Let's not forget the human lives destroyed Tuesday, Sept. 11, or their families who are grieving.
Let's not send those thousands of victims of terrorism through an ideological rendering plant, transforming skin, blood, heart and soul into abstract hatred, pretexts and polemics.
Let's not commit the same monstrous crime that the terrorists committed, in negating human life, in pursuit of a lifeless ideal.
Let's not avoid looking at our own foreign policies that elevate political gamesmanship above flesh and blood, and fuel the sort of cold, killing hatred that was wrought on America Tuesday morning.

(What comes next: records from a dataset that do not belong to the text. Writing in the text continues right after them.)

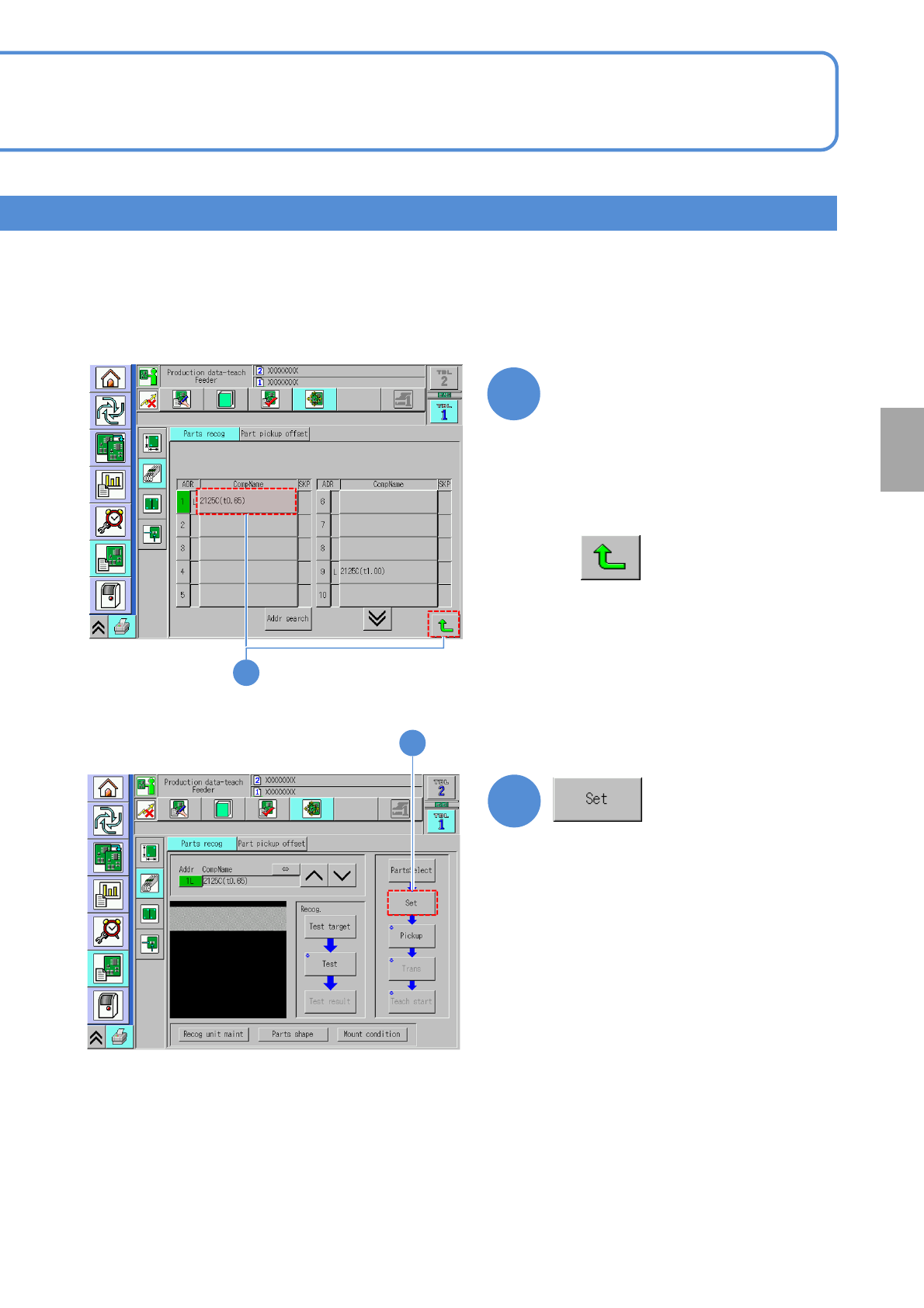 NPM- TT2 EJM1EE-MB-04 O-03 4-2-4 -4 Setting change 3 3 (The setting scre en of pickup condition is displayed) Choose a component to recognize 2 ■ T o cancel 2 ● An item in the “ADR” field shown in green color means a com…
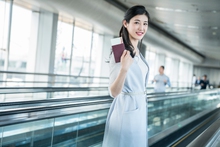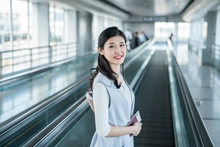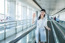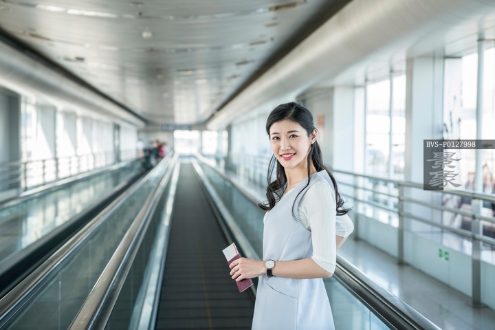 图片标题: 年轻商务女士在机场乘坐移动电梯
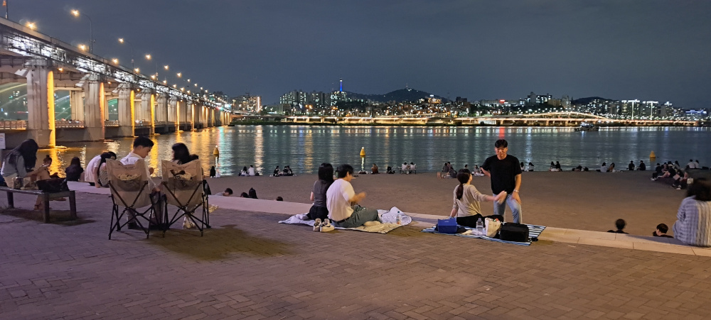 Le soir, quand le soleil se cache derrière les tours, les gens descendent sous le pont Banpo en plein centre de la ville.
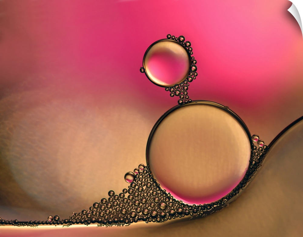 <p>Macro photograph of drops of oil in water with pink and orange hues.</p>
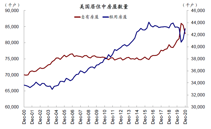 房屋空置率、房屋自住率是监测地产市场空间的主要指标。全美住宅型地产可以分为三个部分:空置房屋(Vacant)、居住中自有房屋(Owner Occupied)和居住中租用房屋(Renter Occupied)。其中统计中常用的住房自住率即为居住中自有房屋/所有居住中房屋。1)房屋空置率(空置房屋/所有房屋)可以用来衡量房地产长期供求关系和健康程度,空置率较高则证明房地产投资过度,泡沫化严重。当前空置房屋占比已经达到历史较低水平(10.9%),可以体现出房屋供给紧张的局面。2)房屋自住率衡量居住房屋中自有产权的占比,该比例从2016年起开始持续上升。除此之外我们也可以计算自住房屋数量/人口数量来简单衡量全美房屋拥有水平,该指标同样持续上升。3)自住和租房:在非空置房屋中,自有和租用的房屋数量在去除长期增长趋势后呈现反向变动,体现出购买和租房的需求互斥性。

Let's beware the cold calculations that utilize numbers instead of names, and employ mundane terms like "collateral damage" as stand-ins for the slaughter of innocents, whether they're passengers on a jet airliner or hungry children in Iraq.
Let's find the fiends responsible for Tuesday's terror, and those who harbored them, and make them pay for what they've done. But let's avoid indiscriminate retaliation that kills the innocent, and recklessly unleashes the gods of war.
Is that asking too much? Will too much care in exacting justice prevent the accomplishment of that justice? Perhaps, but taking exquisite care that we're precise in our retaliation, however severe its execution, will show the world and ourselves that we're not terrorists. It will provide a shining counterpoint to the psychosis of abstraction that allows fanatical terrorists to fly a fully loaded airline into a crowded skyscraper, in apparent pursuit of a demented formula for salvation.
As a school assignment, my sixth-grade daughter was asked to write her own feelings about the tragedy Tuesday evening. This is part of what she wrote:
"Every day I hope for world peace. I hope someday we will all be equal, and there will be no more fighting, killing or anything else of that kind. The world won't be the same anymore... The way the feeling will live inside of me will be a memory I won't want to remember. People who had family in those buildings or on those airplanes will never be the same. This is the first thing in my lifetime that will be history."
Most of our lives will be changed by Tuesday's events. Our children's, too. Unimaginable pain for the survivors and their families, and heartbreak for all of us.
We must find a way to bring justice to those who committed Tuesday's attack, and anyone who aided them. But let us never forget the horrific consequences of valuing an untouchable, unlovable ideal above innocent human life.